━━━ Source data ━━━

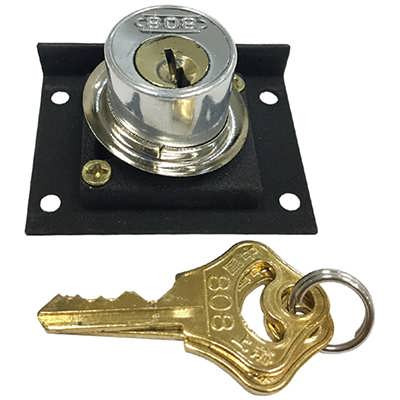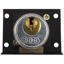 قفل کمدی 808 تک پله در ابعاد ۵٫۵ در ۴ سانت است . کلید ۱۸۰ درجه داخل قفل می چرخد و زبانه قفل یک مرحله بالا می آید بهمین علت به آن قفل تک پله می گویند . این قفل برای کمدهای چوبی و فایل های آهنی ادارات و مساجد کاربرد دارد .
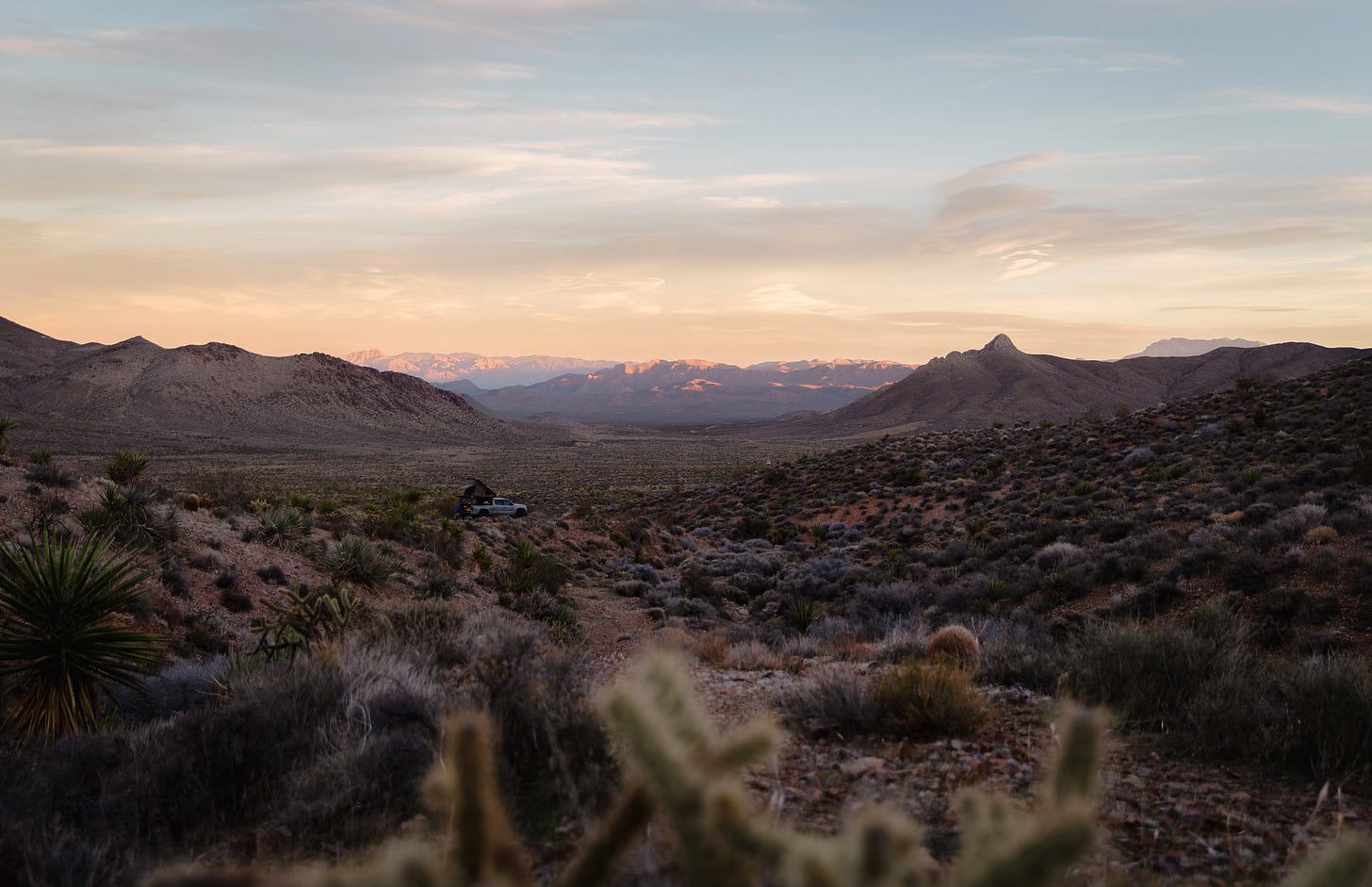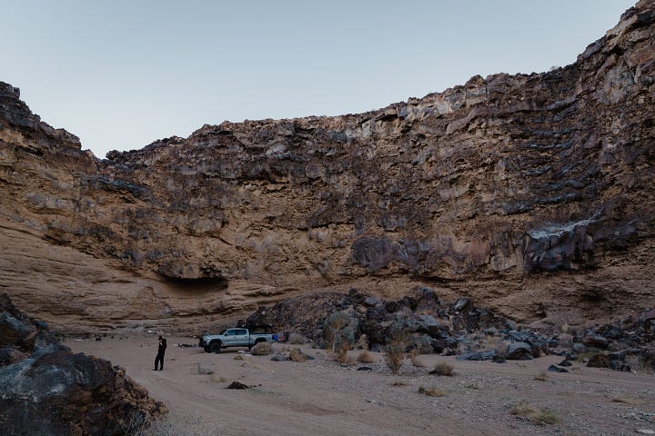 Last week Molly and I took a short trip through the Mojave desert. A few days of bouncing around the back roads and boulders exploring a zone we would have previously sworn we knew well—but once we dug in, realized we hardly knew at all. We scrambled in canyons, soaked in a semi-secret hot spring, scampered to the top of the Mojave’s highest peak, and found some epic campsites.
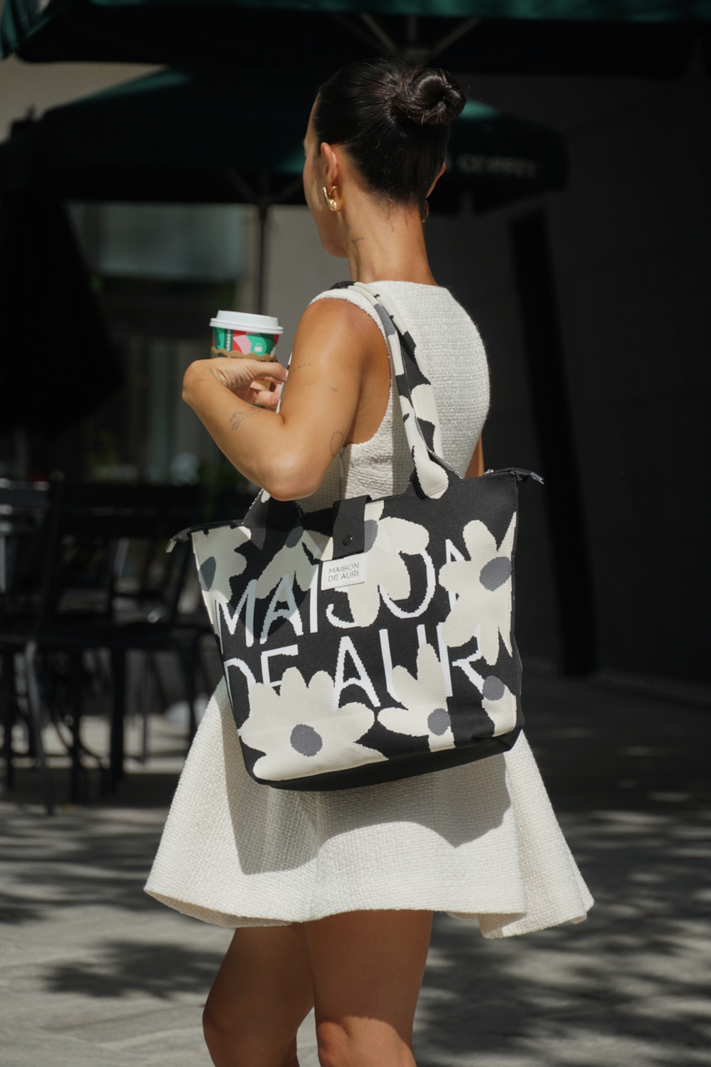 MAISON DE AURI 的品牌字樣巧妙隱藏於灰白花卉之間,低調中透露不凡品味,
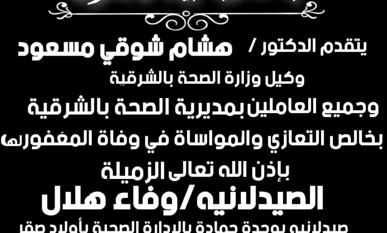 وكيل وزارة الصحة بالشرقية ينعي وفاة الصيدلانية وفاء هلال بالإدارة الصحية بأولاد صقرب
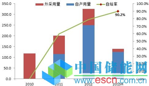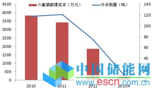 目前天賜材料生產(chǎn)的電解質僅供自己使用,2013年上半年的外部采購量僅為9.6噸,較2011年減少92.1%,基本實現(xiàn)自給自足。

━━━

■ **Problem to solve**: Reproduce the records word for word, please, from their first line up to and including the line that contains "وكيل وزارة الصحة", but no pictures.

■ **Result of the task**:
 قفل کمدی 808 تک پله در ابعاد ۵٫۵ در ۴ سانت است . کلید ۱۸۰ درجه داخل قفل می چرخد و زبانه قفل یک مرحله بالا می آید بهمین علت به آن قفل تک پله می گویند . این قفل برای کمدهای چوبی و فایل های آهنی ادارات و مساجد کاربرد دارد .
 Last week Molly and I took a short trip through the Mojave desert. A few days of bouncing around the back roads and boulders exploring a zone we would have previously sworn we knew well—but once we dug in, realized we hardly knew at all. We scrambled in canyons, soaked in a semi-secret hot spring, scampered to the top of the Mojave’s highest peak, and found some epic campsites.
 MAISON DE AURI 的品牌字樣巧妙隱藏於灰白花卉之間,低調中透露不凡品味,
 وكيل وزارة الصحة بالشرقية ينعي وفاة الصيدلانية وفاء هلال بالإدارة الصحية بأولاد صقرب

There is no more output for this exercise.